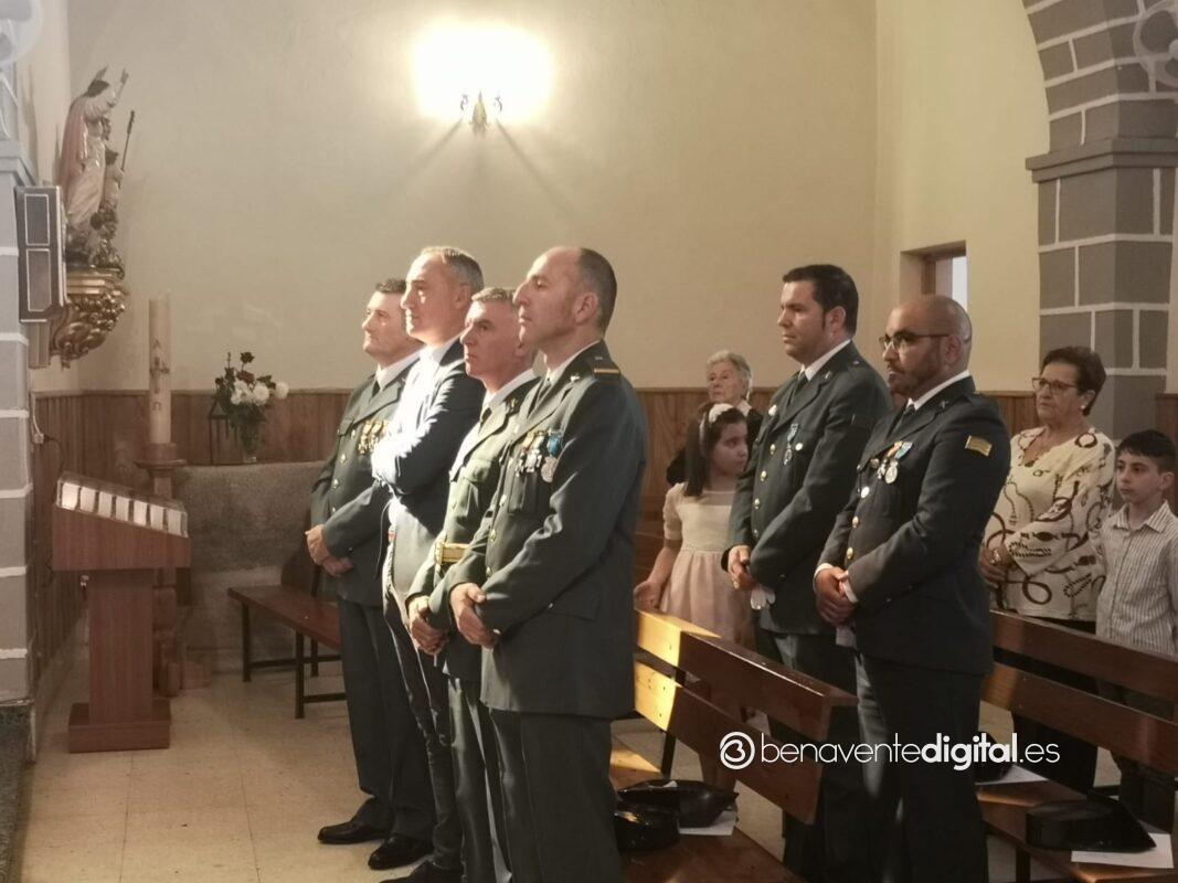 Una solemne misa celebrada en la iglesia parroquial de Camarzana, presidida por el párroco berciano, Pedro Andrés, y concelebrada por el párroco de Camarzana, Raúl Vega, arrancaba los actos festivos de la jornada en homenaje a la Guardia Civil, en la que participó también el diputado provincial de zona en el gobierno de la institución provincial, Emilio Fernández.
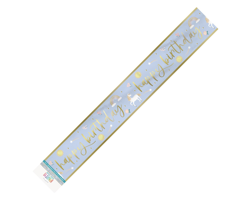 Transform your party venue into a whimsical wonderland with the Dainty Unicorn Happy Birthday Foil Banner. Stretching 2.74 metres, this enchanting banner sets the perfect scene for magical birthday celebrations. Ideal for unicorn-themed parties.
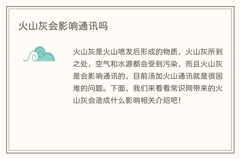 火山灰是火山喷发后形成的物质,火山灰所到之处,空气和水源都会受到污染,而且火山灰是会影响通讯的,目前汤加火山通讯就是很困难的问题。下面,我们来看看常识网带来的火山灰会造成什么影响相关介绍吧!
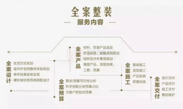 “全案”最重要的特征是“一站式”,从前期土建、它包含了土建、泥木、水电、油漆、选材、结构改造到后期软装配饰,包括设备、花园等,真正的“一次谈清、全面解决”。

### [Task item]
Transcribe exactly, and only, the lines from the one with "火山灰是火山喷发后形成的物质" through the final line of the data above. The pictures stay out.

### [Task result]
 火山灰是火山喷发后形成的物质,火山灰所到之处,空气和水源都会受到污染,而且火山灰是会影响通讯的,目前汤加火山通讯就是很困难的问题。下面,我们来看看常识网带来的火山灰会造成什么影响相关介绍吧!
 “全案”最重要的特征是“一站式”,从前期土建、它包含了土建、泥木、水电、油漆、选材、结构改造到后期软装配饰,包括设备、花园等,真正的“一次谈清、全面解决”。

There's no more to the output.